:: YOUR GOAL ::
Would you output the following records verbatim and skip the images in them?

*** DATASET EXTRACT Section Begins ***

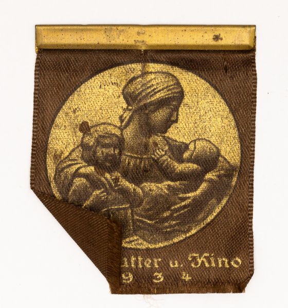 • Militaria, Alemanha II Guerra. Proveniente de importante coleção adquirida em Ciney - Bélgica (Feira gigantesca de Militaria). O partido nazista promoveu uma grande arrecadação de fundos antes e durante a guerra com a venda de grande variedade de itens colecionáveis, pins, pendentes, tinnies, badges etc. Todos colecionáveis para incentivar novas compras. Como referência para estudo e identificação aconselhamos o catálogo Donation Badges, Pins & Pendants of the Third Reich de Joseph Cassidy & Christopher Alexander. Oportunidade para colecionador avançado. *Item não promove ou glorifica violência ou intolerância racial. Está à venda apenas para fins de preservação da memória histórica. A Organização do leilão não faz apologia a quaisquer movimentos políticos ou ideológicos, e repudia qualquer ideologia de cunho racista.  1934 - MUK 34-3 - Mãe e criança. Pág. 280. 55x45 mm. Barra em metal com tecido.
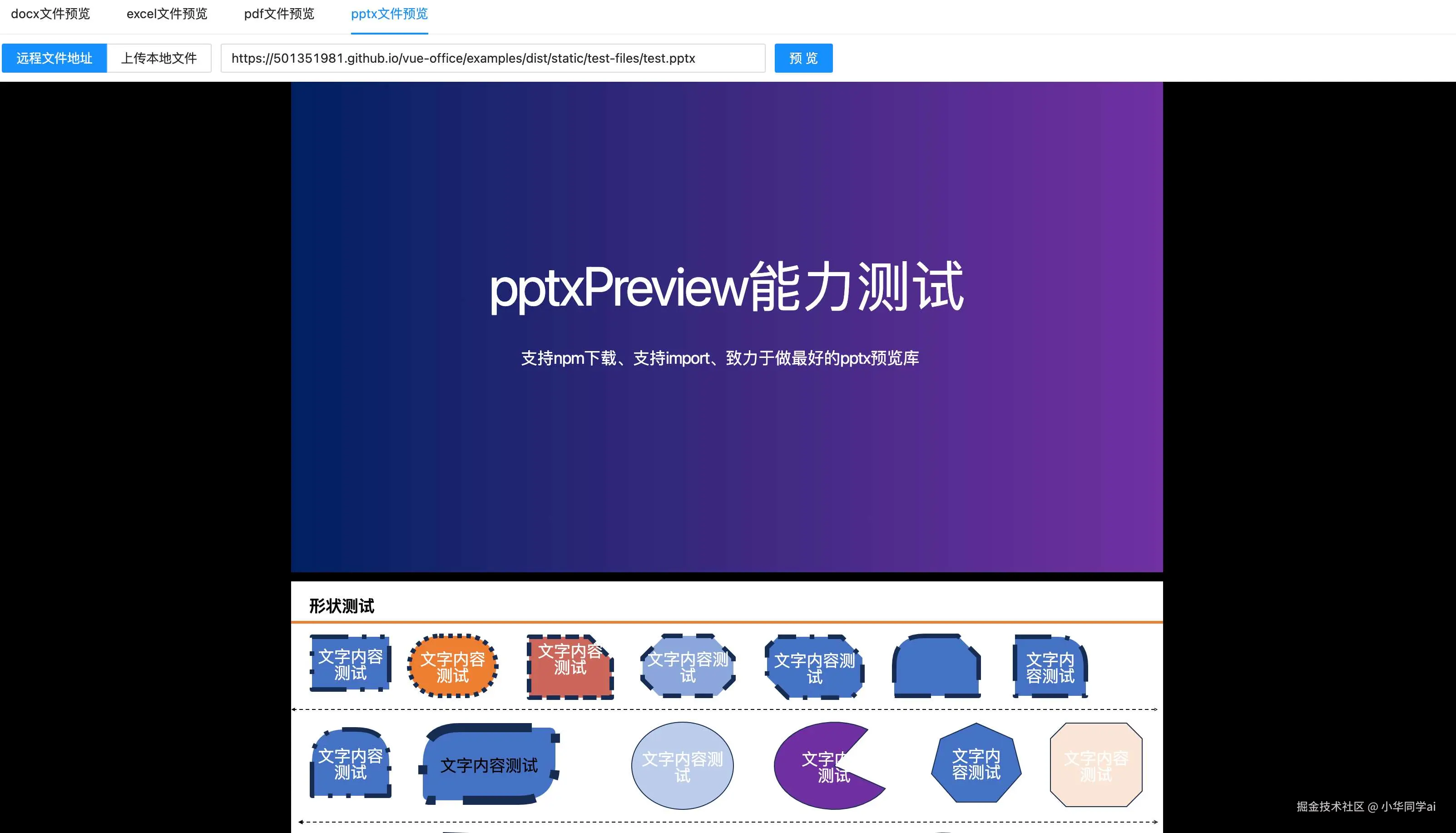 - pptx:基于自研库 pptx-preview 实现,源码单独付费向作者索取。
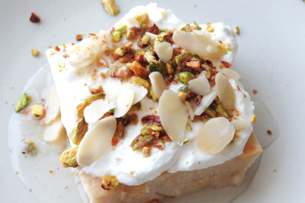 It’s made of semolina and soaked in sugar syrup. Sometimes, the syrup is flavored with coconut or rose water, depending on your taste. It can be eaten plain, with nuts, or cream.
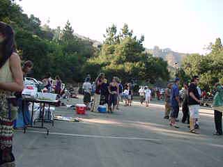 住宅街を抜けたグリフィス公園の中腹にある会場は広い芝生を有したとても心地良いところでした。近くの見るからに追っかけというボロボロのワゴンの人達は早くもパーキングロッドでの店出しの準備をしています。
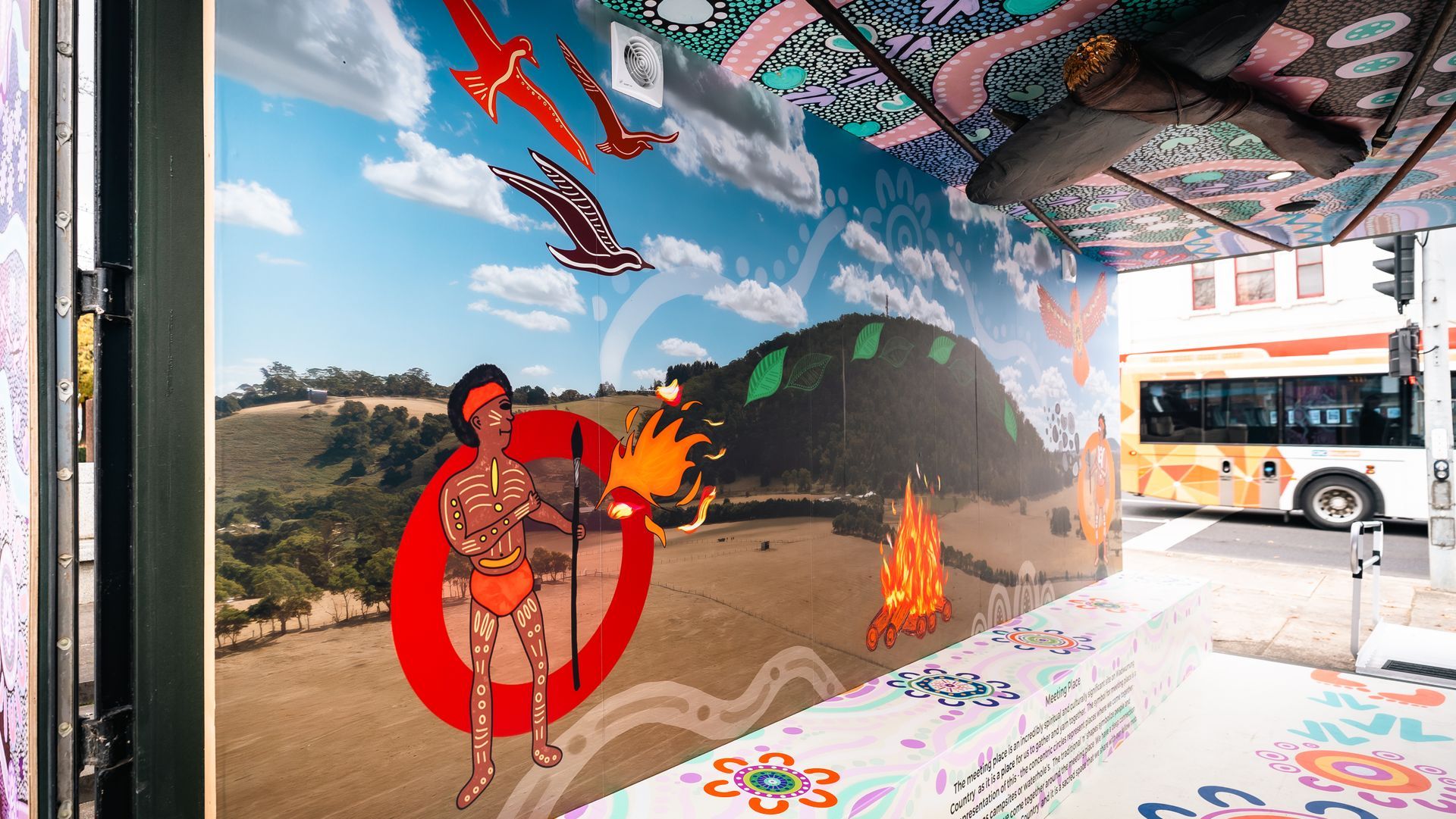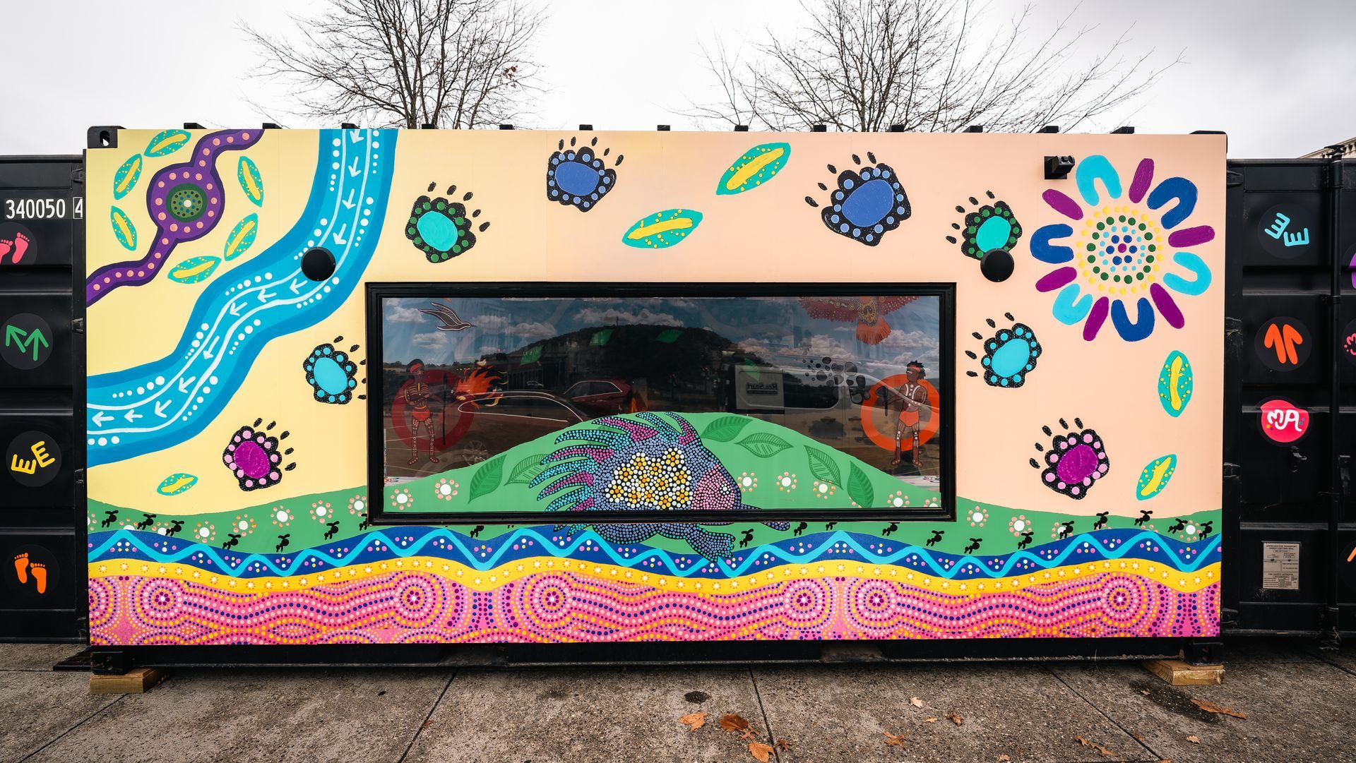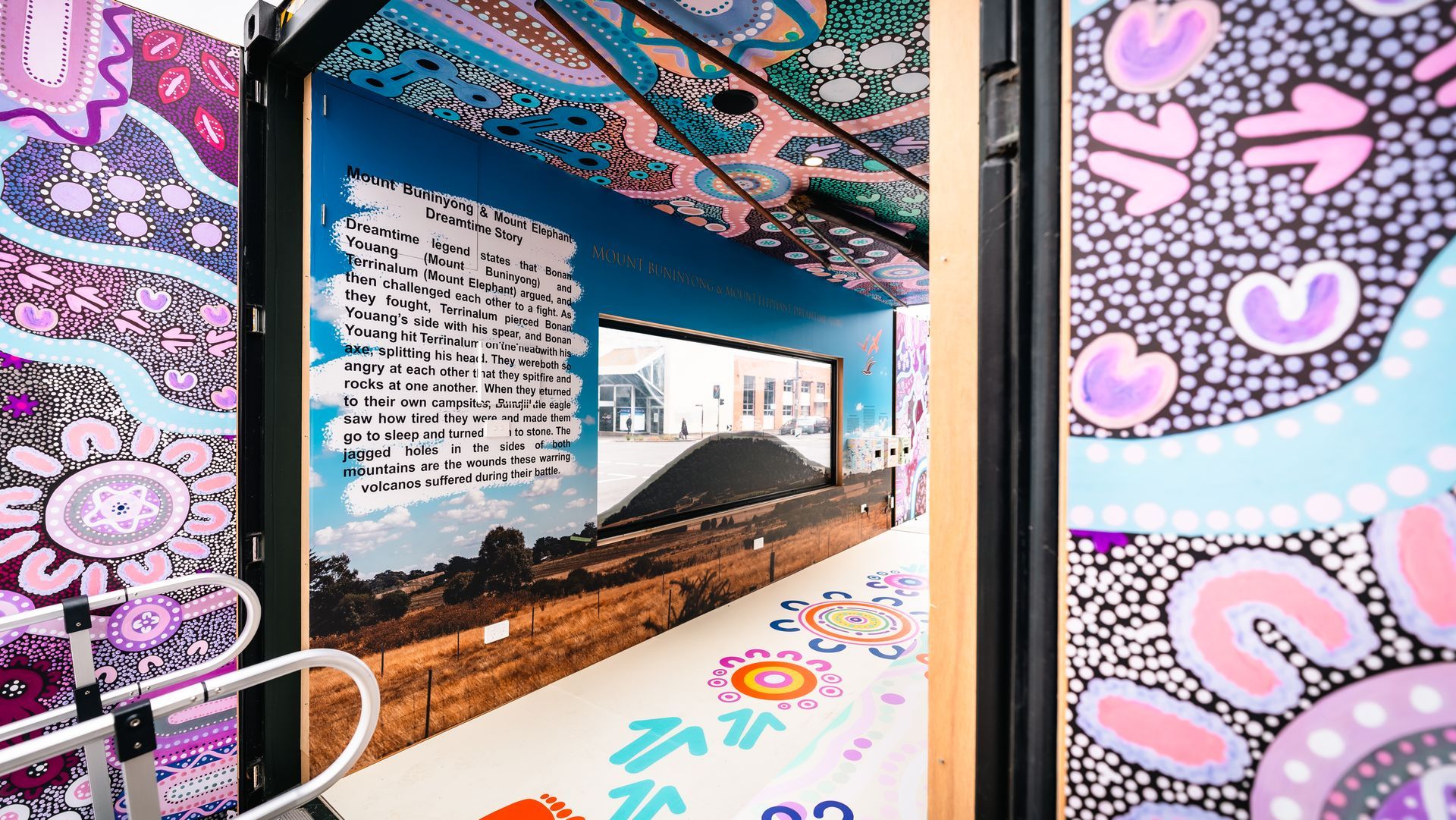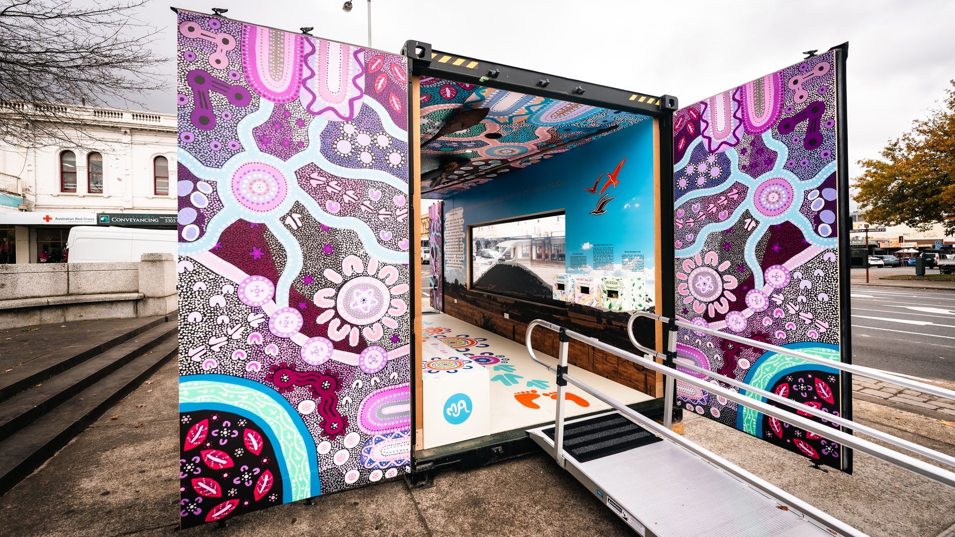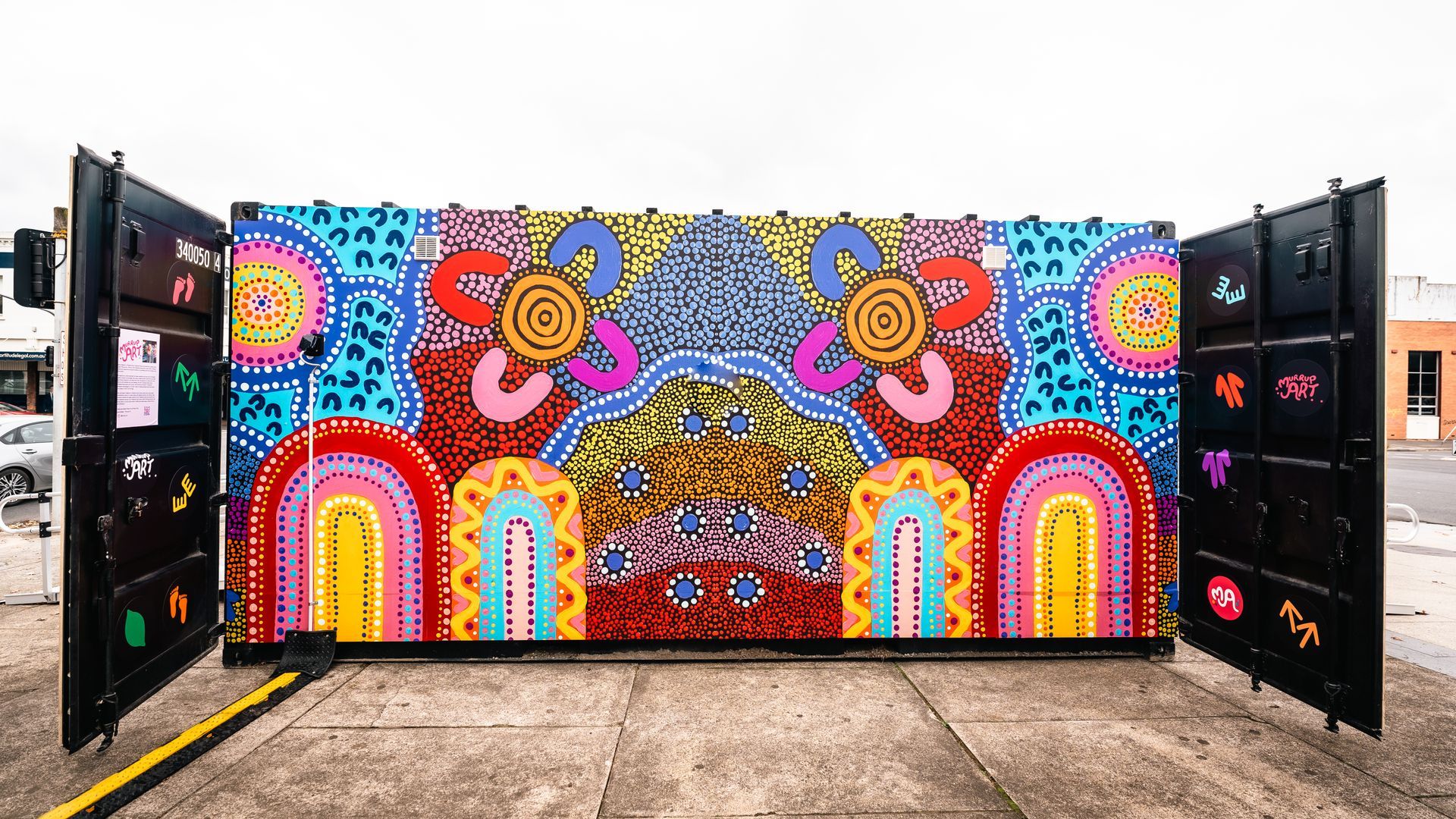 Commissioned by the City of Ballarat, we just completed this extraordinary project for the Ballarat Heritage Festival! We had the privilege of wrapping this container inside and out with the incredible work of Wadawurrung artist Jenna Oldaker.

*** DATASET EXTRACT Section Ends ***

:: COMPLETED EXERCISE ::
 • Militaria, Alemanha II Guerra. Proveniente de importante coleção adquirida em Ciney - Bélgica (Feira gigantesca de Militaria). O partido nazista promoveu uma grande arrecadação de fundos antes e durante a guerra com a venda de grande variedade de itens colecionáveis, pins, pendentes, tinnies, badges etc. Todos colecionáveis para incentivar novas compras. Como referência para estudo e identificação aconselhamos o catálogo Donation Badges, Pins & Pendants of the Third Reich de Joseph Cassidy & Christopher Alexander. Oportunidade para colecionador avançado. *Item não promove ou glorifica violência ou intolerância racial. Está à venda apenas para fins de preservação da memória histórica. A Organização do leilão não faz apologia a quaisquer movimentos políticos ou ideológicos, e repudia qualquer ideologia de cunho racista.  1934 - MUK 34-3 - Mãe e criança. Pág. 280. 55x45 mm. Barra em metal com tecido.
 - pptx:基于自研库 pptx-preview 实现,源码单独付费向作者索取。
 It’s made of semolina and soaked in sugar syrup. Sometimes, the syrup is flavored with coconut or rose water, depending on your taste. It can be eaten plain, with nuts, or cream.
 住宅街を抜けたグリフィス公園の中腹にある会場は広い芝生を有したとても心地良いところでした。近くの見るからに追っかけというボロボロのワゴンの人達は早くもパーキングロッドでの店出しの準備をしています。
 Commissioned by the City of Ballarat, we just completed this extraordinary project for the Ballarat Heritage Festival! We had the privilege of wrapping this container inside and out with the incredible work of Wadawurrung artist Jenna Oldaker.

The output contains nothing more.